Külu's-sevme. ''Sarımsağı çiğ olarak yiyin.'' Felevlâ enne'l-meleke ye'tînî. ''Eğer bana melek gelmemiş olsaydı.'' Le-ekeltühû. ''Ben de yerdim.''
Bu hadîs-i şerîf bir bakıma bizim için önemli bir şeyi gösteriyor. Yani bir hükmün bir başka sayfasını gösteriyor. Peygamber sallallahu aleyhi ve sellem buyurmuş ki; ''Bizim mescidimize kokulu, soğan, sarımsak gibi şeyleri yiyenler gelmesinler, yaklaşmasınlar.'' Yani insanlara eza veriyor kokusu diye, yaklaşmasınlar diye buyurmuş, bunu biliyoruz. Onun için mescide giderken sarımsak soğan yememeğe dikkat ediyoruz.
Ama sarımsağı hiç mi yemeyeceğiz?
Sarımsak da çok şifalı bir şey. İnsanın gözünde arpacık olsa, sarımsağın ucunu biraz kes, arpacığa biraz değdir, tamam, o şiş göz hemen geçiyor. Neden? Kuvvetli antiseptik. Çiğ olarak yutarsan bağırsakları dezenfekte ediyor, tansiyonu tanzim ediyor, birçok hastalıklara iyi geliyor. Ama bir tek kusuru var; kokusu. Yiyene bir şey değil, yemeyene müthiş kokuyor.
Hatta Valide Hanım'a uzun zaman bakmış bir hacı hanım var. İki gün önce bizim mutfakta sarımsak kullanılmışsa, iki gün sonra geldiği zaman kokluyor, ''Tamam, burada sarımsak var.'' O kadar rahatsız oluyor. Yemeyeni rahatsız ettiği için camiye, cemaate gelirken yemek doğru değil. Ama Efendimiz'in ''Yiyin.'' diye tavsiyesi de var. Neden? Kokusu eza veriyor, içindeki malzemesi şifa veriyor. ''Bana da melek gelmemiş olsaydı ben de yerdim.'' buyurmuş. Biz de seviyoruz. Şahsen ben de seviyorum. Şifalı olduğunu da yediğimiz zaman görüyoruz.

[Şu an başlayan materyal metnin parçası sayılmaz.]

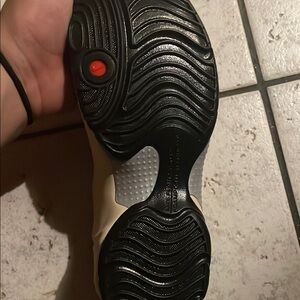Step up your style with these sleek cream and black athletic shoes. Perfect for any casual outing or workout session.
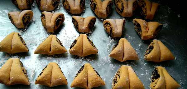 8、从面饼的一边慢慢卷起,成长条状,用刀成一头宽一头窄的梯形。
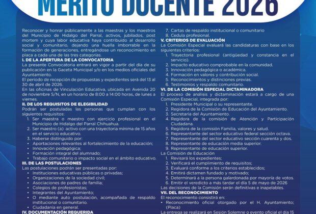 Emite Gobierno de Parral convocatoria al Reconocimiento al Mérito Docente 2026 -Se busca reconocer la trayectoria y aportaciones de maestras ... -
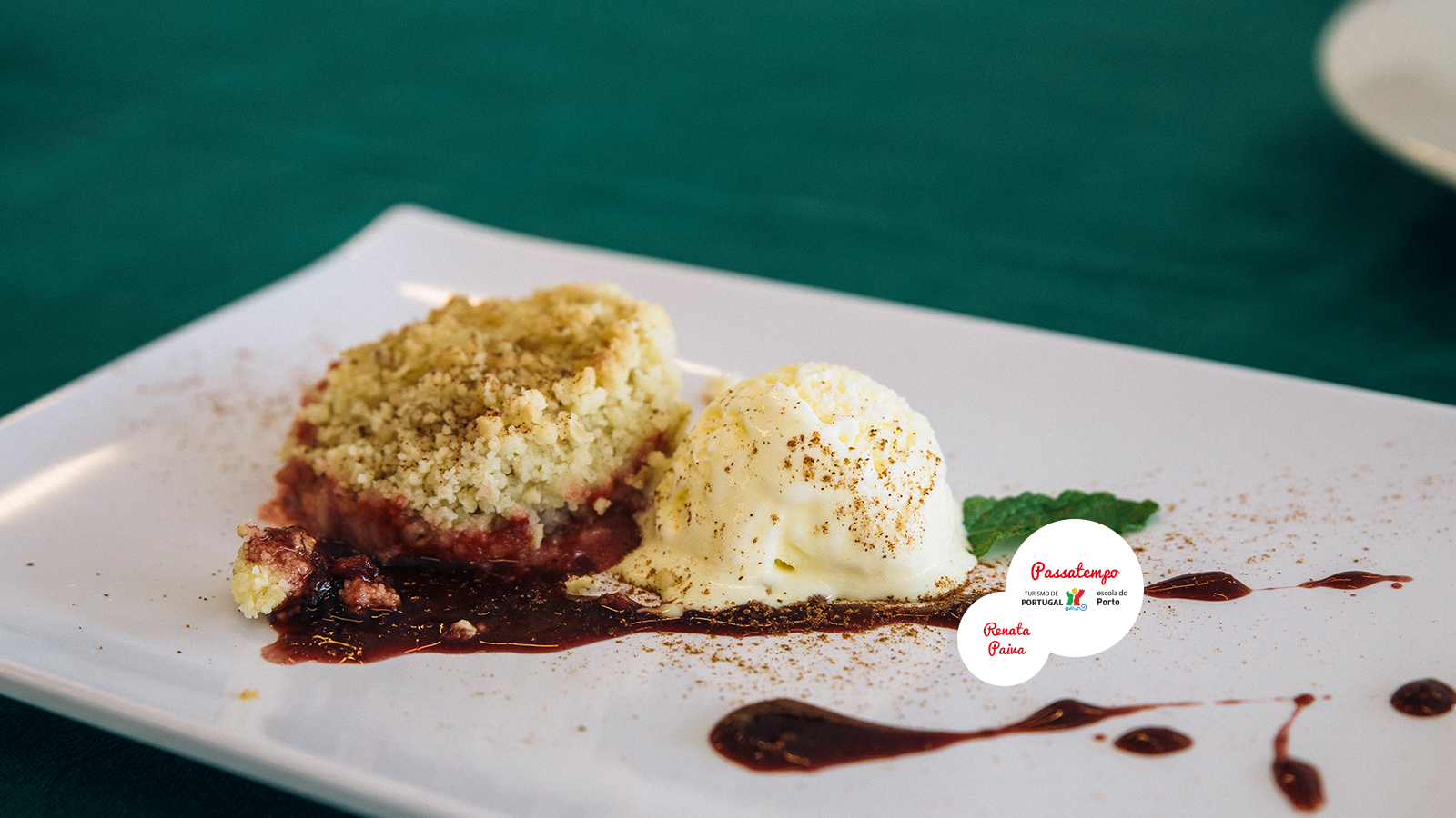 Retire o gengibre e a vagem de baunilha e sirva as farófias com a redução de vinho do Porto.
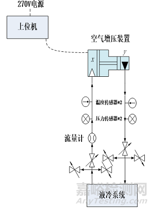 空氣增壓裝置和進(jìn)氣軟管放入高低溫試驗(yàn)箱中,將試驗(yàn)箱溫度設(shè)定為-55℃,空氣增壓裝置在-55℃環(huán)境下貯存,貯存時(shí)間為技術(shù)要求時(shí)間或達(dá)到溫度穩(wěn)定時(shí)間,啟動(dòng)空氣增壓裝置前,啟動(dòng)液冷系統(tǒng)工作10min,空氣增壓裝置在低溫進(jìn)氣環(huán)境下工作,并測(cè)試空氣增壓裝置相關(guān)性能指標(biāo)(結(jié)合數(shù)據(jù)采集、測(cè)量系統(tǒng)),原理設(shè)計(jì)圖見(jiàn)圖3。
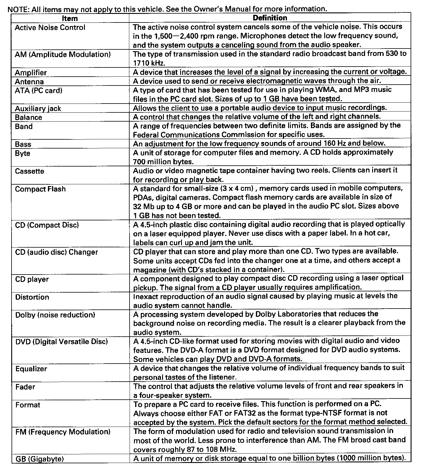 The audio unit acts as the "processor" for all audio functions. You can select of the audio functions from the front panel, the audio remote (on steering wheel), or by using the navigation voice control system. The audio display provides the current front and rear audio status. For vehicles with the navigation option, additional audio information is available by touching the audio button. (See the owner's manual for more details.)
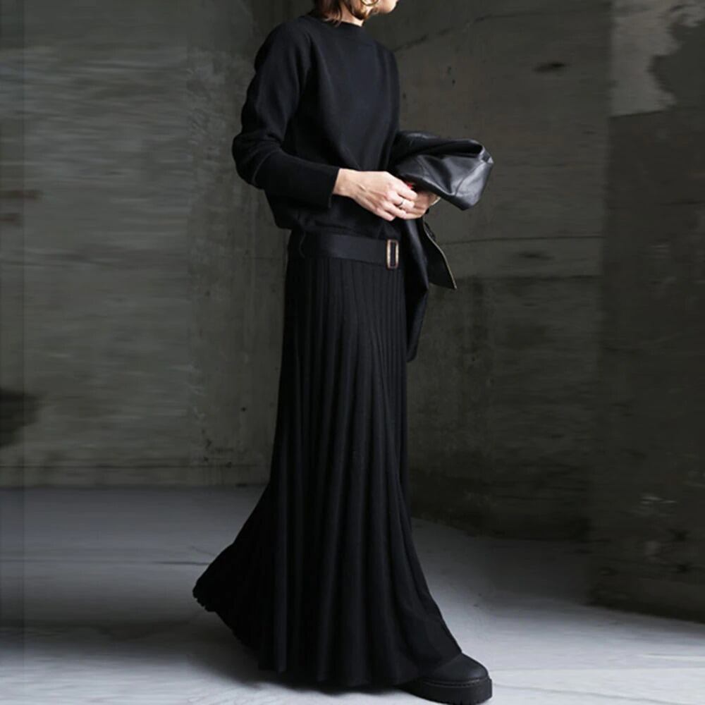 レディース 女性 用 韓国 海外 プチプラ 服 おしゃれ かわいい かっこいい カラー コーデ きれいめ きれい目 上品 ワンピース ワンピ ニット セーター ロング マキシ 丈 ナチュラル ブラック 黒 グレー ダーク 灰色 ウエストマーク ベルト プリーツ 長袖
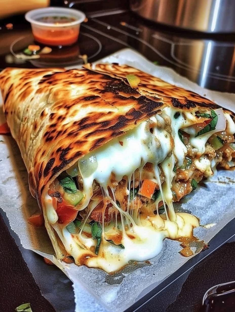Mediterranean Crispy Chicken & Cheese Wrap is a satisfying handheld meal loaded with crispy seasoned chicken, melted cheese, fresh Mediterranean vegetables, and creamy garlic yogurt sauce — all wrapped in a warm toasted flatbread or tortilla.

Allah-u Teâla Hazretleri cümlenizden razı olsun. Cümlenizi Peygamber Efendimiz'in sevgisine, şefaatine, iltifatına nail eylesin. Peygamber Efendimiz'in has ümmeti olmanızı nasip eylesin. Dünya ve ahiretin her türlü tehlikelerinden koruyup, dünya ve ahiretin her türlü hayırlarına erdirdiği kullarından eylesin. Firdevsi Âlâda Peygamber-i Zişan’ımıza cümlenizi komşu eylesin. Cennet nimetleriyle mütena'ım eylesin.